5. In the new InDesign document, import the XML either from the File menu or the fly-out menu of the Structure pane. You’ll see an Import XML dialog box, something like this:
6. Select the XML file you want to import and click on Show XML Import Options and Merge Content and click Open. When you click Open, you’ll be greeted with another dialog box full of options. Deselect all of them for now. We’ll deal with them later. Click OK.
7. The XML gets imported in the document but it still resides only in the Structure pane. All the tags used in the XML are now visible in the Tags panel.
8. In the Structure pane, you’ll see a Jobs tag instead of the root tag, with a gray triangle before it.
9. The triangle indicates that the Jobs tag contains child tags (with or without data). When you twirl open the Jobs tag, it will show its content. In the example below, you’ll see that the main tag contains child tags as well.
Tip: To expand all the tags including child tags, Alt+click/Option+click on the gray triangle.
10. When you expand the <Job> child tag, you’ll see one full record containing subtags. The tag icon with horizontal lines means that the tag contains text.
11. To check, let’s select and drag the <LocationDescription> tag in our Document.
12. In the above example, you’ll see that the text is now imported to our InDesign document. And the tag icon changes in the Structure pane. The icon now looks like a paragraph with a Drop Cap ‘T’. Which means that this tag is now in use. Secondly, the tag name <LocationDescription> is underlined, which means that the tag content is currently selected.
13. You can verify the content in the XML file. Go to the first record in the XML file and then look for <LocationDescription> tag, you’ll find the text “Blackpool, Lancashire“.
14. This drag & drop method gives us the flexibility of importing particular text from XML to InDesign. Similarly, to see the entire content of a record, simply drag & drop the child tag to your Document.
15. If you look at the same text in Story Editor, you’ll see the tags as well. In fact, using Story Editor is a best practice when you’re working on data with tags since it helps you to rearrange the tagged content in the layout without messing up with the tags.
16. The data looks okay but it is not in the format we’re looking for. There are line breaks, spaces, tabs etc, which need to be cleaned-up at the time of importing the XML. Let’s clean this up by removing the unwanted text and/or spaces.
17. If you look back at the template, you’ll notice that we need only four tags to be imported: Job ID, Recruiter, Job Type and Salary. The tags in the XML that we’re going to use are <JobID>, <RecruiterName>, <Title> and <SalaryDescription>. We also need to rearrange these by moving the <RecuiterName> after the <JobID>.
18. Let’s go back to the step where we imported the XML in a new InDesign document with all the XML Import Options turned-off.
19. Now delete all the tags from second tag onwards.
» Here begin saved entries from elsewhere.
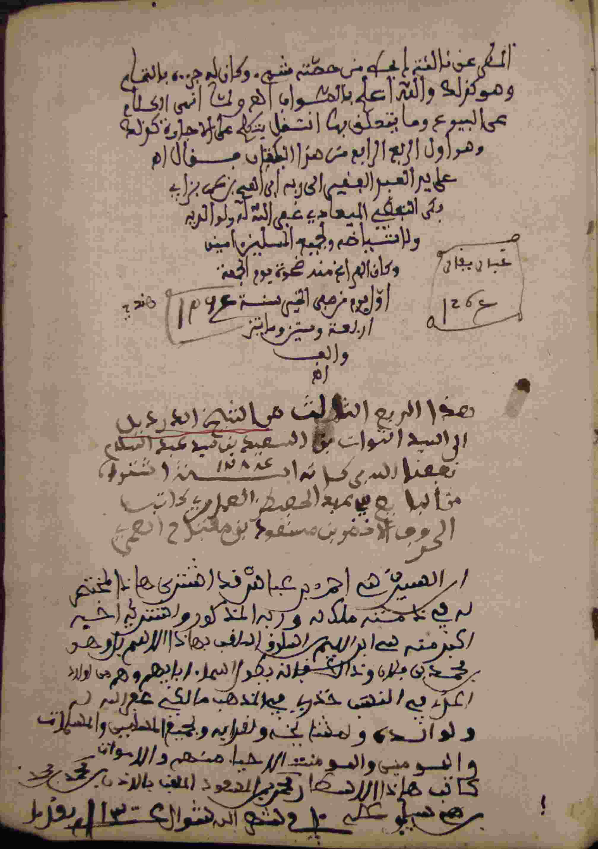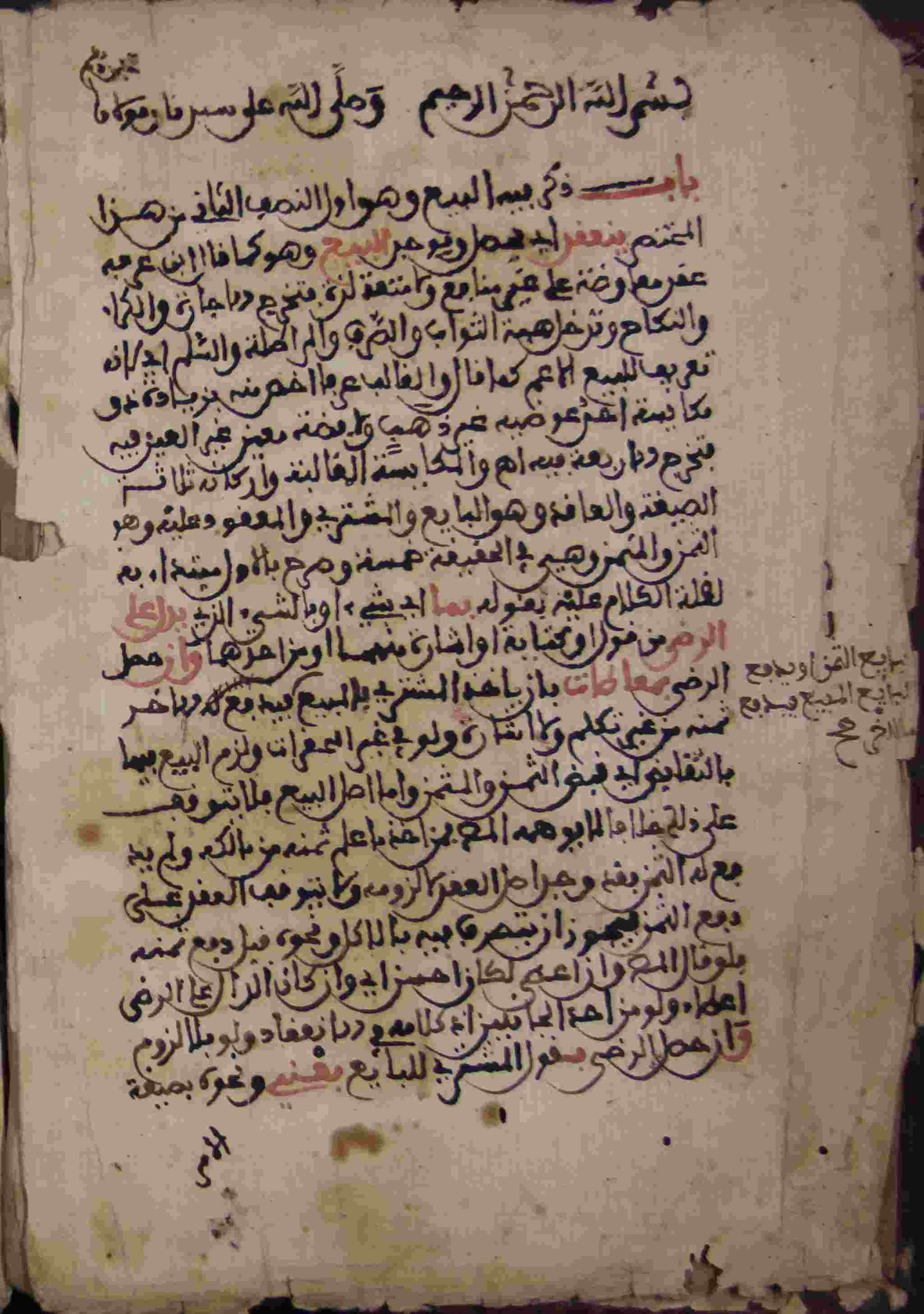 | Description: | أوله : " باب ذكر فيه البيع وهو أول النصف الثاني من هذا المختصر..."/آخره : ولما أنهى الكلام على البيوع وما يتعلق بها انتقل يتكلم على الإجارة كذلك وهو أول الربع الرابع من هذا الكتاب "، نوع الخط مغربي، التجليد عادي، حالة المخطوط حسنة، تعليقات على الهامش، بداية المخطوط في الورقة الثانية، نهاية المخطوط في الورقة 216، المخطوط مرقمن، رقم المخطوط 330 م، مصدر المخطوط : مكتبة الشيخ نعيم النعيمي ؛ المراجع والمصادر : الأعلام خير الدين الزركلي (2/ 266). |
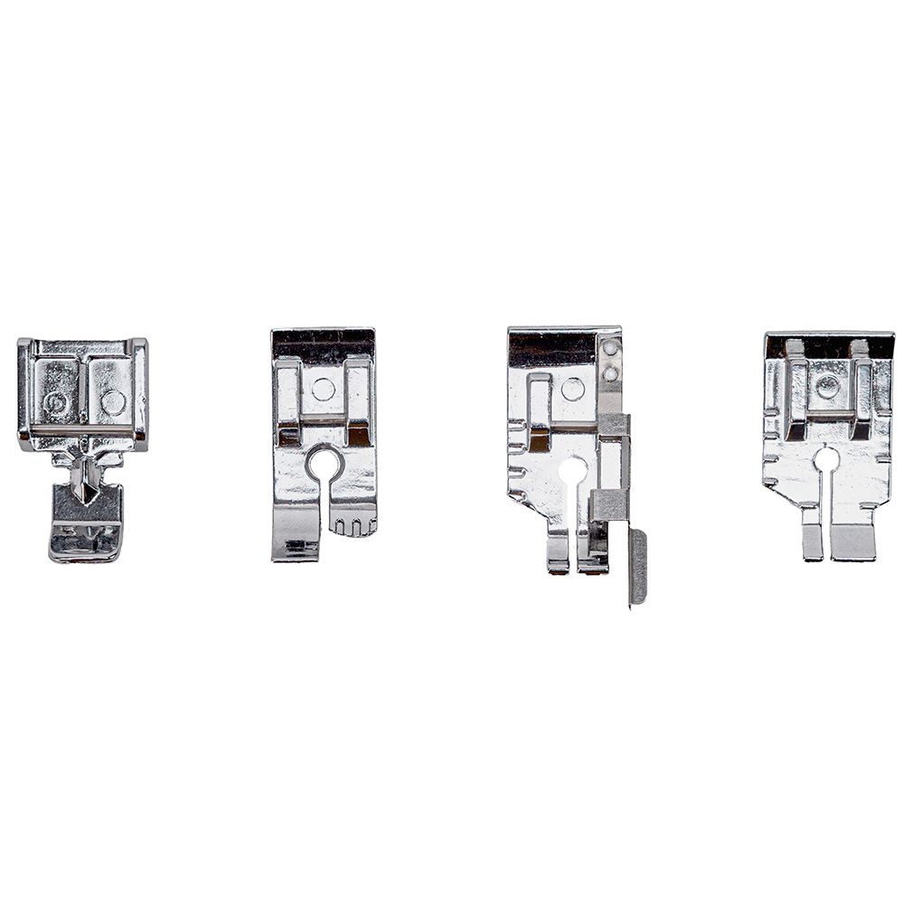 Jump from straight stitch to free motion in a flash to spend more time doing what you love. Its motor is designed to help you finish all types of projects, even when using fabric like denim, leather, or even canvas. For free-motion sewing, it has the standard hopping foot, and in sewing mode you can use any of the four included feet: zipper foot, quarter-inch quilting foot, quarter-inch foot with a guide, and a straight stitch foot.
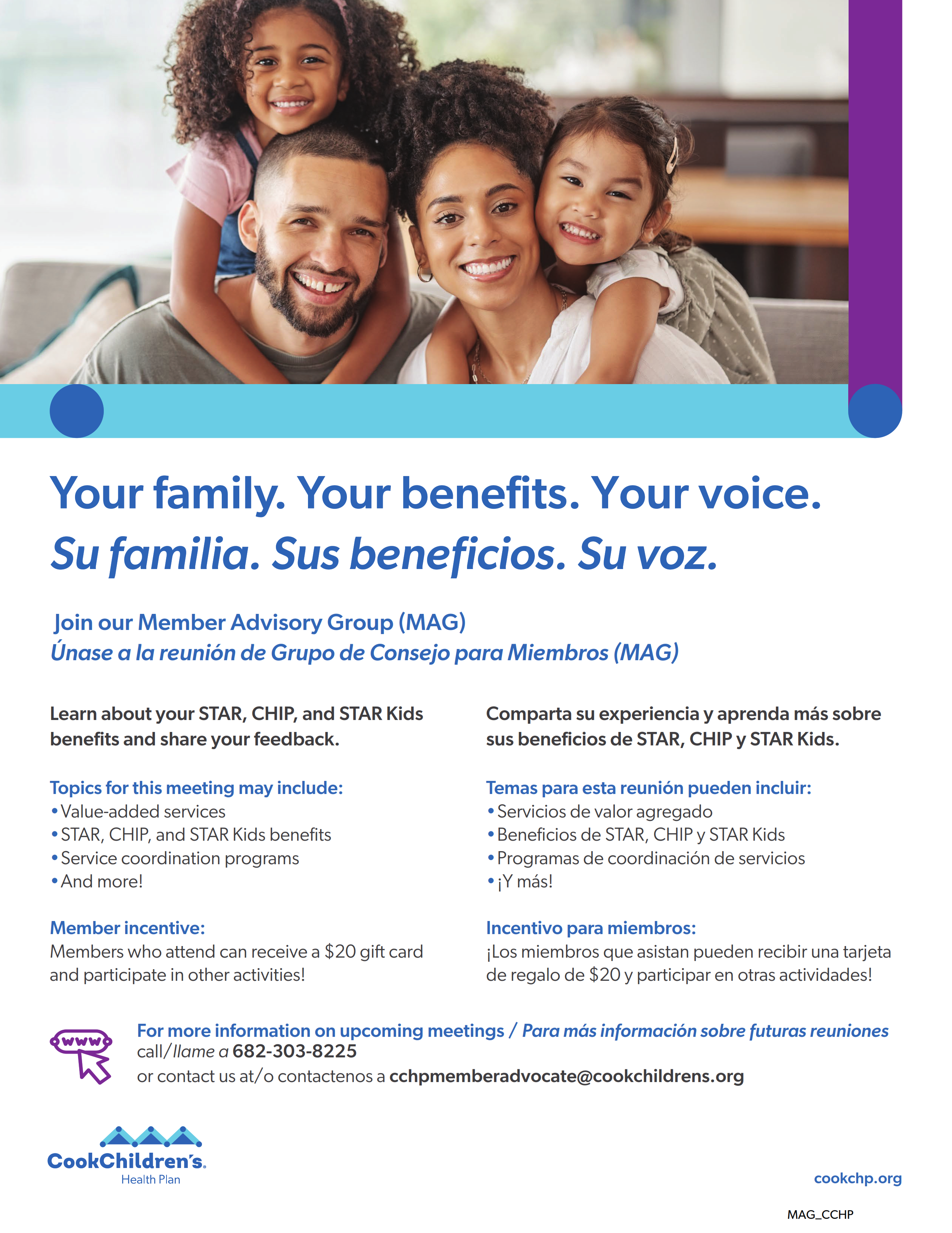 Cook Children's Health Plan has been serving the Tarrant Service Area Medicaid and CHIP families since 2000, which includes Members across Wise, Denton, Parker, Tarrant, Hood and Johnson counties. We ensure Members receive the physical and behavioral health, pharmacy and social support services you need, when and where you need them.
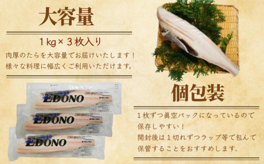 銀だら 約3kg 真空パック入り 銀鱈 鱈 タラ 湯豆腐 寄せ鍋 鍋 団らん 真空パック 食べやすい 個別冷凍 惣菜 おかず 料理 照り焼き 煮付 小分け 冷凍 冷凍品 長期保存 保存食 鮮度 旨味 高級食材 お取り寄せ グルメ 食品 魚 魚貝 大容量 ギフト 贈物 贈り物 プレゼント 海鮮 ふるさと納税 千葉県 銚子市 エドノフーズ
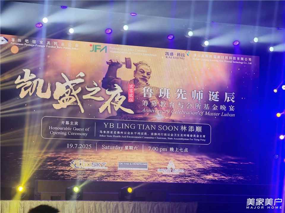 7月19日當晚,馬來西亞2025魯班先師誕辰慶典隆重啟幕。大會籌委會主席王成勇,大會主席李益榮,馬來西亞家具總會總會長陳文海,柔佛州家具同業聯合會會長黃友歡,馬來西亞柔佛州行政議會衛生及環境委員會主席、州議員林添順等嘉賓在致辭中一致表示,將傳承魯班精神,推動家具業創新合作,深化馬中家具產業聯動,共促行業國際化進程。
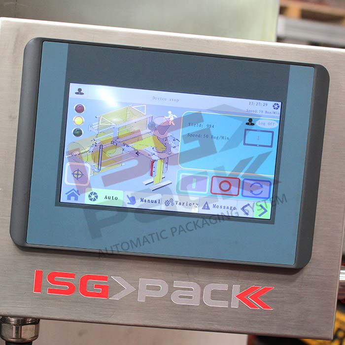 Pionowa maszyna pakująca Matic Vert 520 CS CP 4H jest urządzeniem automatycznym przeznaczonym do pakowania produktów metodą zgrzewania przerywanego. Konstrukcja wykonana ze stali nierdzewnej zapewnia odporność na warunki przemysłowe oraz umożliwia łatwe czyszczenie i konserwację. Sterowanie maszyny realizowane jest za pomocą przemysłowego PLC z ekranem dotykowym, co pozwala na regulację parametrów pracy i zapis programów pakowania. Urządzenie wyposażone jest w cztery serwomotory synchronizujące ruchy mechanizmów formujących i transportujących folię, co zapewnia precyzyjne działanie.
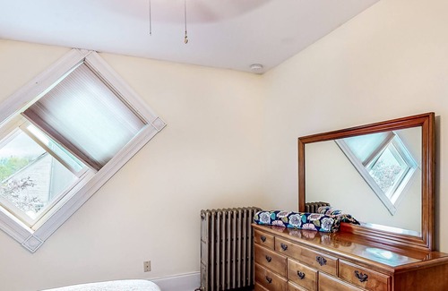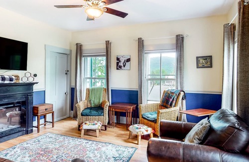This beautiful old-timer home enjoys a welcoming living room comfortably furnished to provide a fantastic spot to unwind as you stream your favorite series and movies on the smart TV. The electric fireplace will keep you nice and toasty during your stay, especially if you are visiting during the colder months. Stock up on groceries on your way here and surprise your loved ones with delicious homemade meals prepared in the well-appointed kitchen, which features a Kenmore country kitchen range with a modern electric stovetop and a dual built-in oven. Attached to the kitchen is a secluded office/rec area with a desk workspace, plenty of board games, a cozy reading nook, and another smart TV. When it comes to outdoor living, the home enjoys a front porch with comfy seating, a wood-burning firepit where you can gather to roast s'mores, and a gas grill that is perfect for summertime cookouts.
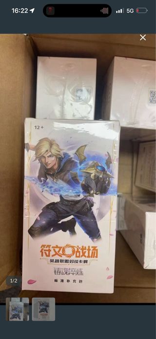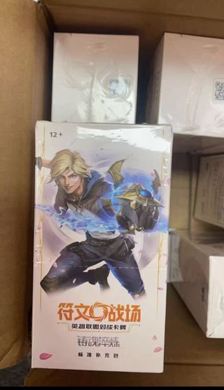 Box di carte collezionabili a tema League of Legends. - Edizione cinese. - Illustrazione di Ezreal sulla confezione. - Etichetta 12+ e Campo di Rune sul fronte.
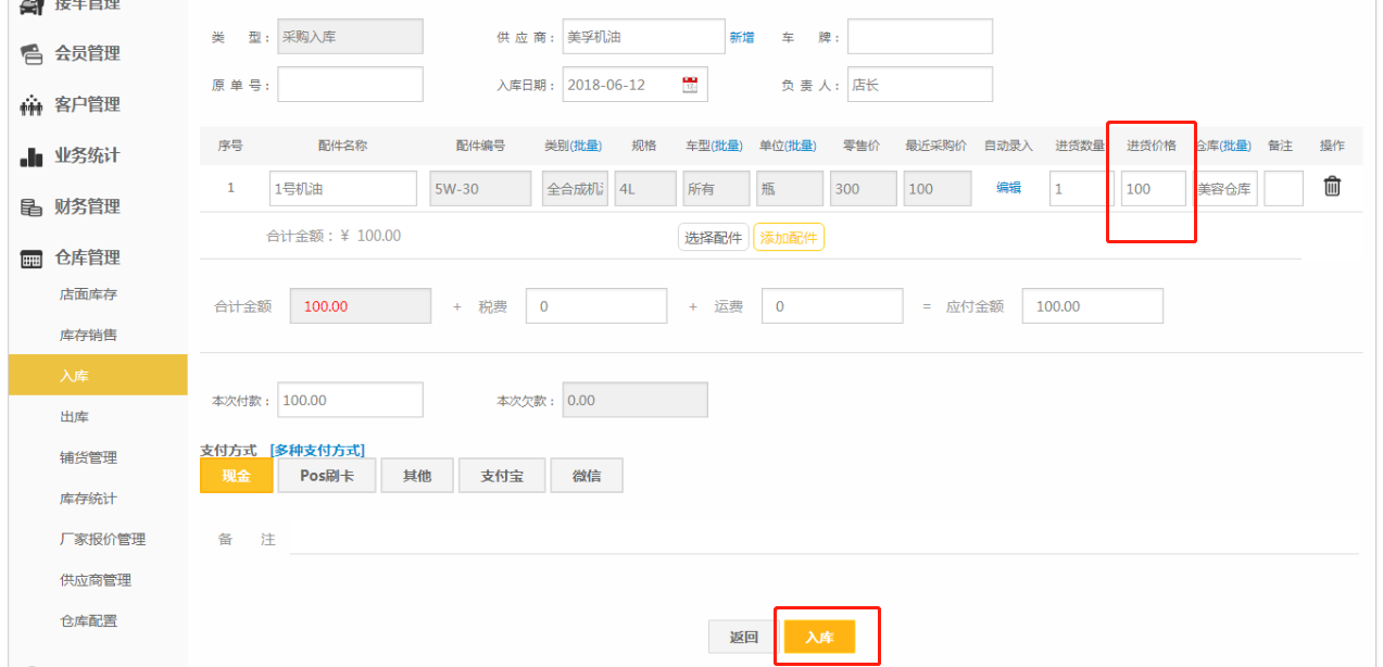 第五步:在生成的订单上面修改好成本-【入库】即可;
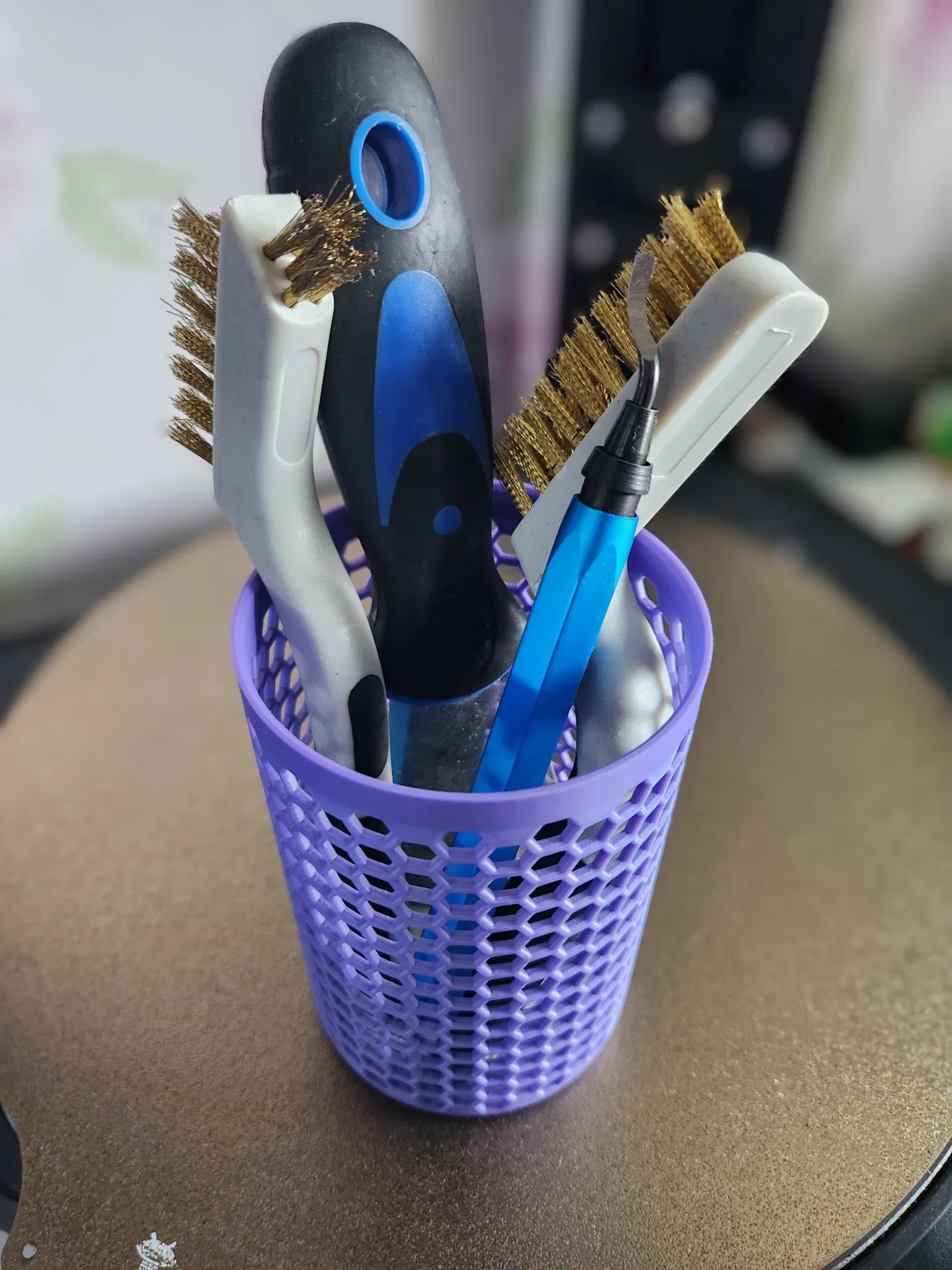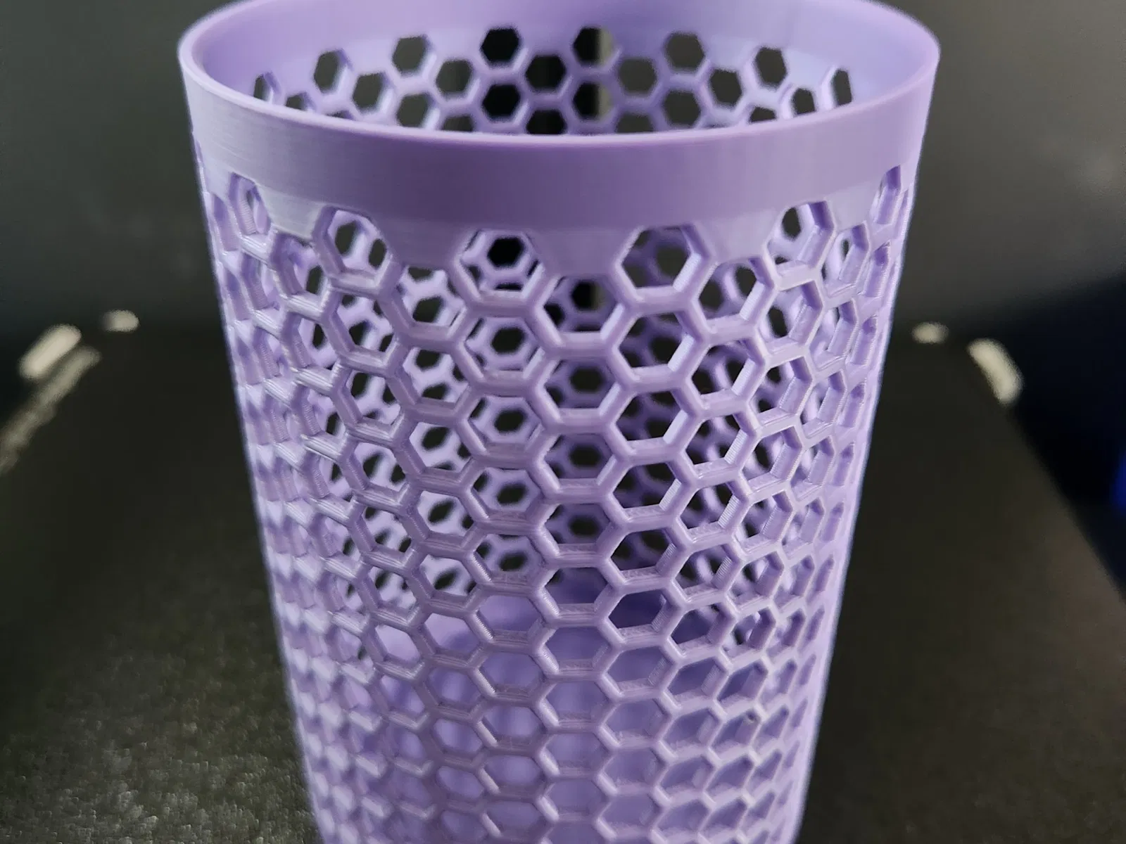 Một cây bút tròn và người giữ phụ kiện với mẫu hình lục giác để lưu trữ đồ đạc
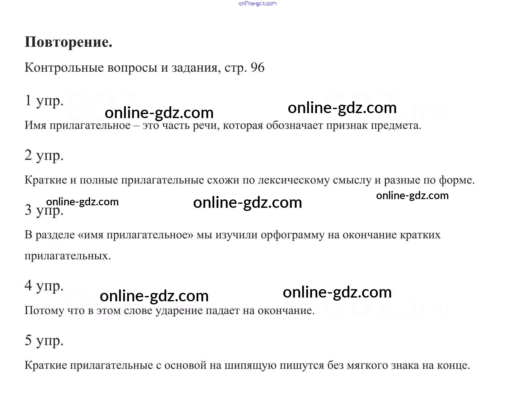 Готовые домашние задания по Русскому языку за 5 класс Учебник Баранов, Ладыженская 2016 - Повторение. Контрольные вопросы и задания Часть 2. Упражнения стр.96 (111-112)

Select the second tag <Job> and then scroll to the bottom until you see the last tag, then shift-click the last tag <Job>. Once you have the selection, click on the Trash icon on the top-right of the Structure Pane.
20. This will now leave you with only one Tag / Record within the root tag.
21. Now select the <Jobs> (root) tag and drag and drop it into the layout. You can verify which element you have selected in the layout by the underline under the <Jobs> (root) tag in the Structure pane. Also, notice that the text is more messed up here compared to the one we dragged previously.
22. Open the text in Story Editor for clean up. Pay special attention to tags. Remove all the extra carriage returns, tabs, and spaces. Also, remove all the unwanted tags and move the <RecruiterName> tag before the <Title> tag.
23. After the cleanup, it will look like this, but it still needs some work.
24. Since the output is needed in a tabulated form, therefore, we’ll replace the returns with tabs. <Job> and </Job> tag is the starting and ending tag of each record.
25. In between these tags resides one full record starting from <JobID> and ending with </SalaryDescription>. Also, notice the return symbol (hard return) after the </SalaryDescription> tag, which tells XML that a hard return is required after each record. Without this return, all the text will come in one single paragraph. The final look will be like this:
26. Now format the text to give it a nice clean look. Formatting can also be done after importing the complete data set, but I prefer to do it first. Format the text as desired. I have applied some minimal formatting here.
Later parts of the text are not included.